SUDS: Scalable Urban Dynamic Scenes

We extend neural radiance fields (NeRFs) to dynamic large-scale urban scenes. Prior work tends to reconstruct single video clips of short durations (up to 10 seconds). Two reasons are that such methods (a) tend to scale linearly with the number of moving objects and input videos because a separate model is built for each and (b) tend to require supervision via 3D bounding boxes and panoptic labels, obtained manually or via category-specific models. As a step towards truly open-world reconstructions of dynamic cities, we introduce two key innovations: (a) we factorize the scene into three separate hash table data structures to efficiently encode static, dynamic, and far-field radiance fields, and (b) we make use of unlabeled target signals consisting of RGB images, sparse LiDAR, off-the-shelf self-supervised 2D descriptors, and most importantly, 2D optical flow. Operationalizing such inputs via photometric, geometric, and feature-metric reconstruction losses enables SUDS to decompose dynamic scenes into the static background, individual objects, and their motions. When combined with our multi-branch table representation, such reconstructions can be scaled to tens of thousands of objects across 1.2 million frames from 1700 videos spanning geospatial footprints of hundreds of kilometers, (to our knowledge) the largest dynamic NeRF built to date. We present qualitative initial results on a variety of tasks enabled by our representations, including novel-view synthesis of dynamic urban scenes, unsupervised 3D instance segmentation, and unsupervised 3D cuboid detection. To compare to prior work, we also evaluate on KITTI and Virtual KITTI 2, surpassing state-of-the-art methods that rely on ground truth 3D bounding box annotations while being 10x quicker to train.

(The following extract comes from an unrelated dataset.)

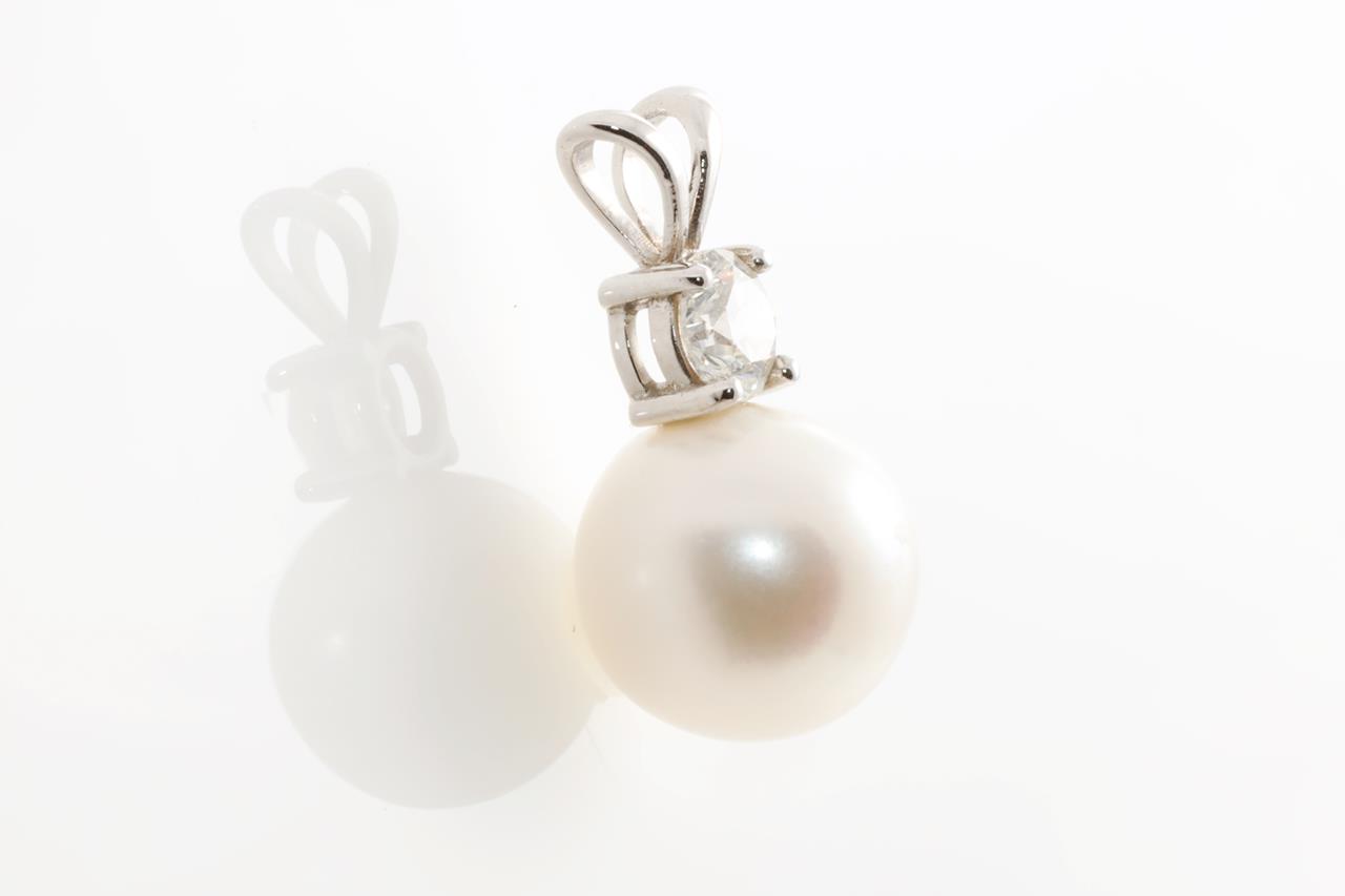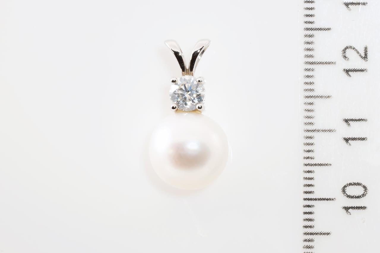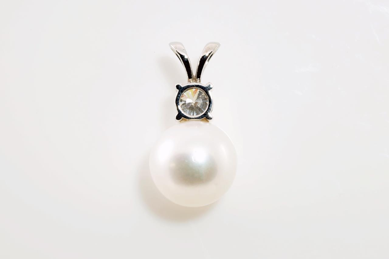 Pearl and Diamond pendant with a South Sea Pearl of 11.4mm and a round Diamond of 0.58ct (Estimated grading: I P1). 18ct white gold. No chain provided. Weight: 3.1g. (As new)

翻译：我们扩展神经辐射场（NeRF），使其能够处理动态的大规模城市场景。先前的工作通常仅重建短时长（最多10秒）的单视频片段。原因有二：(a) 这类方法往往与移动物体和输入视频的数量呈线性扩展关系，因为需要为每个对象和视频构建独立模型；(b) 它们通常需要借助人工标注或特定类别模型获得的3D边界框和全景标签作为监督信号。为实现真正开放世界的动态城市重建，我们提出两项关键创新：(a) 将场景分解为三个独立哈希表数据结构，以高效编码静态、动态和远场辐射场；(b) 利用无标签目标信号，包括RGB图像、稀疏激光雷达、现成的自监督2D描述符，以及最重要的2D光流。通过光度损失、几何损失和特征度量重建损失来操作这些输入，SUDS能够将动态场景分解为静态背景、独立物体及其运动。结合我们的多分支表格表示，该重建方法可扩展至涵盖数百公里地理足迹的1700个视频中的120万帧、数万个物体——据我们所知，这是迄今构建的最大规模动态NeRF。我们展示了表示方法在多项任务上的定性初始结果，包括动态城市场景的新视角合成、无监督3D实例分割和无监督3D长方体检测。为与先前工作对比，我们还在KITTI和Virtual KITTI 2数据集上进行了评估，在训练速度提升10倍的同时，超越了依赖真实3D边界框标注的最先进方法。